Assim o homem se dispersa e se torna errante. Aos desatentos o Simples parece
uniforme. A uniformidade entedia. Os entendiados só vêem monotonia a seu redor.
O Simples desvaneceu-se. Sua força silenciosa esgotou-se.
O
número dos que ainda conhecem o Simples como um bem que conquistaram, diminui,
não há dúvida, rapidamente. Esses poucos, porém, serão, em toda a parte, os que
permanecem. Graças ao tranqüilo poder do caminho do campo, poderão sobreviver
um dia às forças gigantescas da energia atômica, que o cálculo e a sutileza do
homem engendraram para com ela entravar sua própria obra.
O
apelo do caminho do campo desperta um sentido que ama o espaço livre e que, em
momento oportuno, transfigura a própria aflição na serenidade derradeira.
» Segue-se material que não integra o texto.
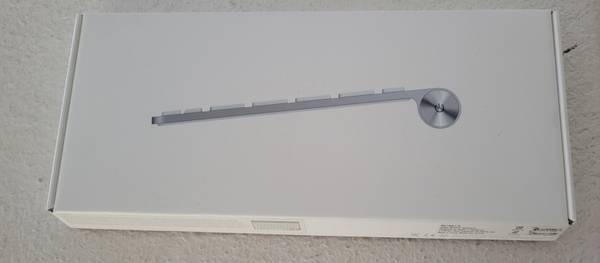 Apple keyboard. Never used. Works when last tried. Bluetooth and batteries. Pickup only. Contact via text message only. Cash only. No bill over $20 please.
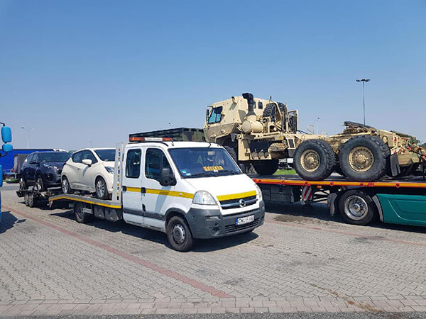 Holowanie pojazdów, laweta, uruchamianie i przewożenie samochodów osobowych, maszyn rolniczych i budowlanych.
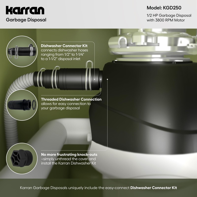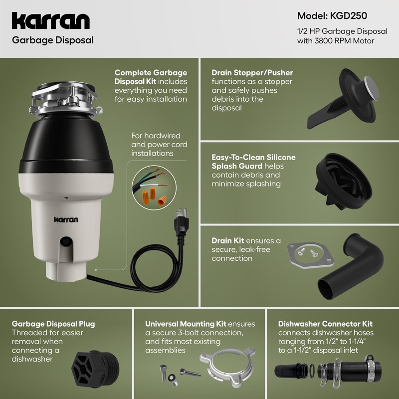 Karran 1/2 HP Continuous Feed Garbage Disposal for Kitchen Sinks with Power Cord and Accessories Included
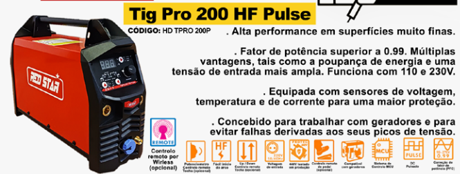 :: 1 Equipamento TIG DC TIG PRO HF PULSE 200 - 230V -TIG:200A/35%; MMA: 200A-35% (Inclui tocha completa , cabo de massa e mangueira de gás )

Esta
opõe-se à desordem do trabalho pelo trabalho: procurado apenas por si, o
trabalho promove aquilo que nadifica.
Do
caminho do campo ergue-se, no ar variável com as estações, uma serenidade que
sabe, e cuja face parece muitas vezes melancólica. Esta gaia ciência é uma
sagesa sutil [1]. Ninguém a obtém sem que já a possua. Os que a têm,
receberam-na do caminho do campo. Em sua senda cruzam-se a tormenta do inverno
e o dia da messe, a irrupção turbulenta da primavera e o ocaso tranqüilo do
outono; a alegria da juventude e a sabedoria da maturidade nela surpreendem-se
mutuamente. Tudo porém se insere placidamente numa única harmonia, cujo eco o
caminho do campo em seu silêncio leva de um para outro lado.
A
serenidade que sabe é uma porta abrindo para o eterno. Seus batentes giram nos
gonzos que um hábil ferreiro forjou um dia com os enigmas da existência.
Das
baixas planícies do Ehnried, o caminho retorna ao Jardim do Castelo. Galgando a
última colina, sua estreita faixa transpõe uma depressão e chega às muralhas da
cidade. Uma vaga luminosidade desce das estrelas e se espraia sobre as coisas.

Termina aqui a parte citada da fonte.